#### TASK TO CARRY OUT:
What are the lines, word for word, from the line with "into blue water" up to and including the line with "Ribosome Research Centre" in the records below? Omit the pictures.

#### DATA FOR PROCESSING:
---

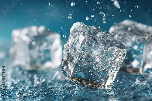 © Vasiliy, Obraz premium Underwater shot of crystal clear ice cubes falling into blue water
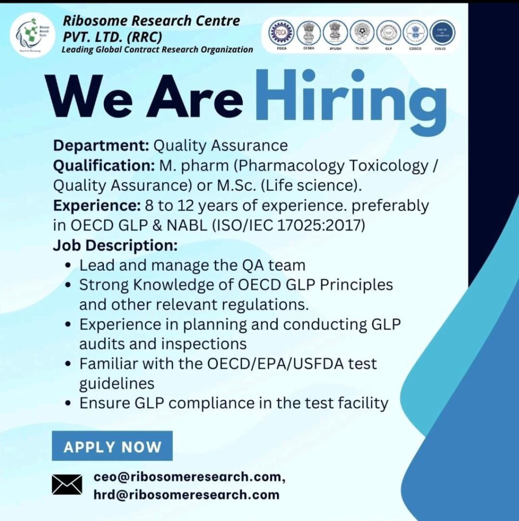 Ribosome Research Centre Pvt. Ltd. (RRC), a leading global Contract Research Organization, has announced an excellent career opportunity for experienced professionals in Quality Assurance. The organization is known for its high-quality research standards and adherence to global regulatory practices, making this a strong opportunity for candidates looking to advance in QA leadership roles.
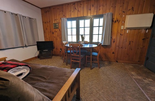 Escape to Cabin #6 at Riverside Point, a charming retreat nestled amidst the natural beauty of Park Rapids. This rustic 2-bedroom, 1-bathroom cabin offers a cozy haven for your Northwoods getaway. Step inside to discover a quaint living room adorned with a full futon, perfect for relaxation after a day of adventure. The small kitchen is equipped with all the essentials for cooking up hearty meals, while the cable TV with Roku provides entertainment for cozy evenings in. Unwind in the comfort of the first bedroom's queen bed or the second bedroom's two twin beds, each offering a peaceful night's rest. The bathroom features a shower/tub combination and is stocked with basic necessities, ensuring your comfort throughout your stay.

---

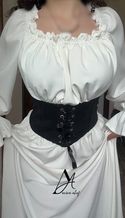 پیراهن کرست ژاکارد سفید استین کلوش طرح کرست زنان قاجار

---

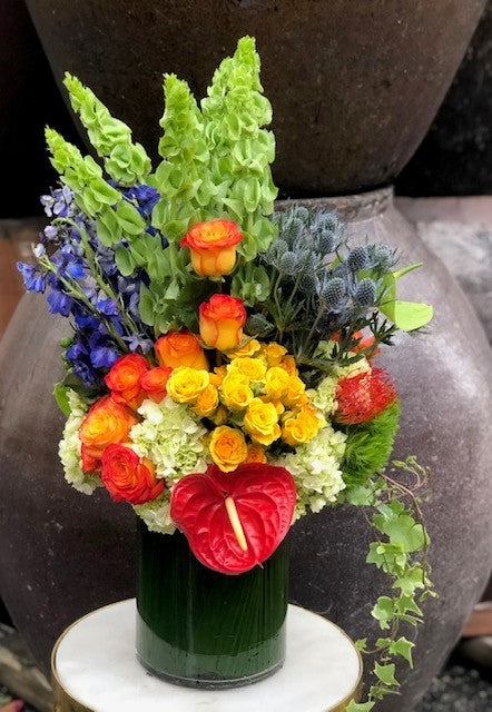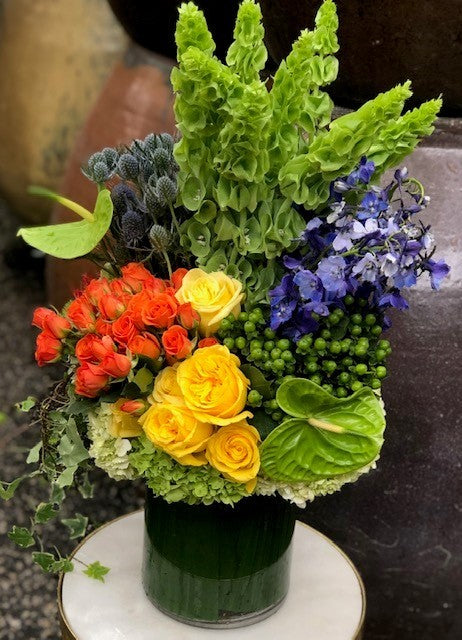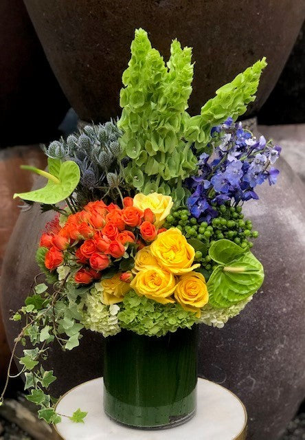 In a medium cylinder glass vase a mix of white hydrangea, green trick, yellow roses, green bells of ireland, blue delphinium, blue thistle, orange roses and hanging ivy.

---

#### TASK ANSWER:
 © Vasiliy, Obraz premium Underwater shot of crystal clear ice cubes falling into blue water
 Ribosome Research Centre Pvt. Ltd. (RRC), a leading global Contract Research Organization, has announced an excellent career opportunity for experienced professionals in Quality Assurance. The organization is known for its high-quality research standards and adherence to global regulatory practices, making this a strong opportunity for candidates looking to advance in QA leadership roles.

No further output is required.